INSTRUCTIONS FOR THE TASK: Exactly the lines below from the line with "BUZZY Seeds Daydream" through the line with "غلاية زجاجية من" must make up the answer, both ends included and pictures left out.

THE DATA:
_ _ _

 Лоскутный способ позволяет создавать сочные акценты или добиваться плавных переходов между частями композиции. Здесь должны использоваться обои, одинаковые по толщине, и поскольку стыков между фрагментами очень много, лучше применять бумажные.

_ _ _

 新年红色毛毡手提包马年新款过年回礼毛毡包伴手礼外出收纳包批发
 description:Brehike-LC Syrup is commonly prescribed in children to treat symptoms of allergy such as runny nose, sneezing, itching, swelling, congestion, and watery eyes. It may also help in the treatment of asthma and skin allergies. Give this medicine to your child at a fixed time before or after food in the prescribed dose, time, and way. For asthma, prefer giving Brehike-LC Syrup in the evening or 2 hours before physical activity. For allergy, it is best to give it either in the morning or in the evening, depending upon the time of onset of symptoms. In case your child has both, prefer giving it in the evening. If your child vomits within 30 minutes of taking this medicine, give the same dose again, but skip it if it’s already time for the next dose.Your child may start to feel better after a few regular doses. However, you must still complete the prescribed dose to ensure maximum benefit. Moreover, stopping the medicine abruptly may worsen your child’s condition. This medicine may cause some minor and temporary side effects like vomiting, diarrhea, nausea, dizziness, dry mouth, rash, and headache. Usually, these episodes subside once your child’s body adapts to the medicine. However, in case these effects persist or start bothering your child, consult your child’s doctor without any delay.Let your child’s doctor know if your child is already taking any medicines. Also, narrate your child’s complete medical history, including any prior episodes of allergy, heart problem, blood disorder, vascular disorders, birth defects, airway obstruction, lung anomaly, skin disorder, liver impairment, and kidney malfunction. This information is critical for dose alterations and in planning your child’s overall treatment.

_ _ _

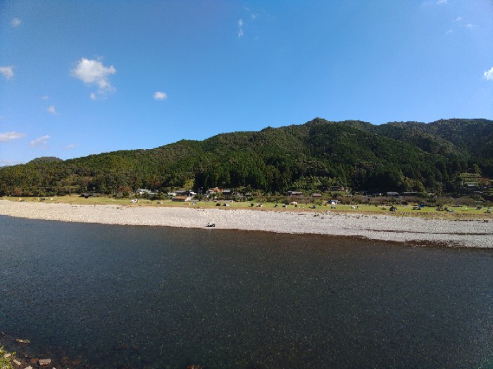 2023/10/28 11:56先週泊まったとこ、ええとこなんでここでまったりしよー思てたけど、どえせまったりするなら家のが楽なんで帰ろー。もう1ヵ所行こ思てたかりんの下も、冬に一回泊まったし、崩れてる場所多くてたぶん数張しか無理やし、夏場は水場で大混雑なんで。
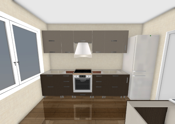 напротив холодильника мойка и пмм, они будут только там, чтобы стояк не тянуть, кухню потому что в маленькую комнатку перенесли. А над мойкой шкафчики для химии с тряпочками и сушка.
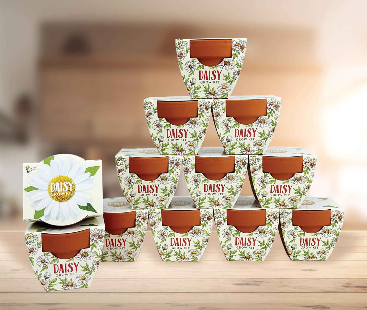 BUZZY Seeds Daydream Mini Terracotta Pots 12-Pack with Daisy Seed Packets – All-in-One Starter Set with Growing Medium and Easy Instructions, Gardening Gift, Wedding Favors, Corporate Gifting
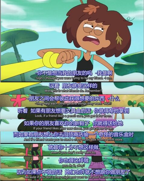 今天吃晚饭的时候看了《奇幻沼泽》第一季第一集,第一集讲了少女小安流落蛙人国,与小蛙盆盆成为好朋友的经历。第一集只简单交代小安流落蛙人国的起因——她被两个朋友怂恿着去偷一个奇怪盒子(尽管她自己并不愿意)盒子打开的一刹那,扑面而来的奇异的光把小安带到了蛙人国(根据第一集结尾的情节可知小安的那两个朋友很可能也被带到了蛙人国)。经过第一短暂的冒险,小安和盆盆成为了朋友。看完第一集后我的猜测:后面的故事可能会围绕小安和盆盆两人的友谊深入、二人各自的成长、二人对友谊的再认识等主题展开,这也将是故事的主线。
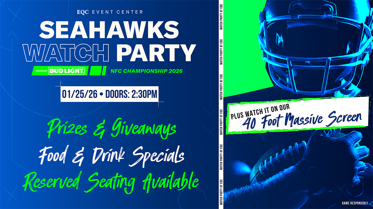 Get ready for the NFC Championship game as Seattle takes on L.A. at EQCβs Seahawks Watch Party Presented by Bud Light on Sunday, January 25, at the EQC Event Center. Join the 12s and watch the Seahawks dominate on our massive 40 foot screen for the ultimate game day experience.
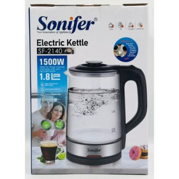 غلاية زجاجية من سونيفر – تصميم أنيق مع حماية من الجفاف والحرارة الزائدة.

_ _ _

RESULT FOR THIS EXERCISE:
 BUZZY Seeds Daydream Mini Terracotta Pots 12-Pack with Daisy Seed Packets – All-in-One Starter Set with Growing Medium and Easy Instructions, Gardening Gift, Wedding Favors, Corporate Gifting
 今天吃晚饭的时候看了《奇幻沼泽》第一季第一集,第一集讲了少女小安流落蛙人国,与小蛙盆盆成为好朋友的经历。第一集只简单交代小安流落蛙人国的起因——她被两个朋友怂恿着去偷一个奇怪盒子(尽管她自己并不愿意)盒子打开的一刹那,扑面而来的奇异的光把小安带到了蛙人国(根据第一集结尾的情节可知小安的那两个朋友很可能也被带到了蛙人国)。经过第一短暂的冒险,小安和盆盆成为了朋友。看完第一集后我的猜测:后面的故事可能会围绕小安和盆盆两人的友谊深入、二人各自的成长、二人对友谊的再认识等主题展开,这也将是故事的主线。
 Get ready for the NFC Championship game as Seattle takes on L.A. at EQCβs Seahawks Watch Party Presented by Bud Light on Sunday, January 25, at the EQC Event Center. Join the 12s and watch the Seahawks dominate on our massive 40 foot screen for the ultimate game day experience.
 غلاية زجاجية من سونيفر – تصميم أنيق مع حماية من الجفاف والحرارة الزائدة.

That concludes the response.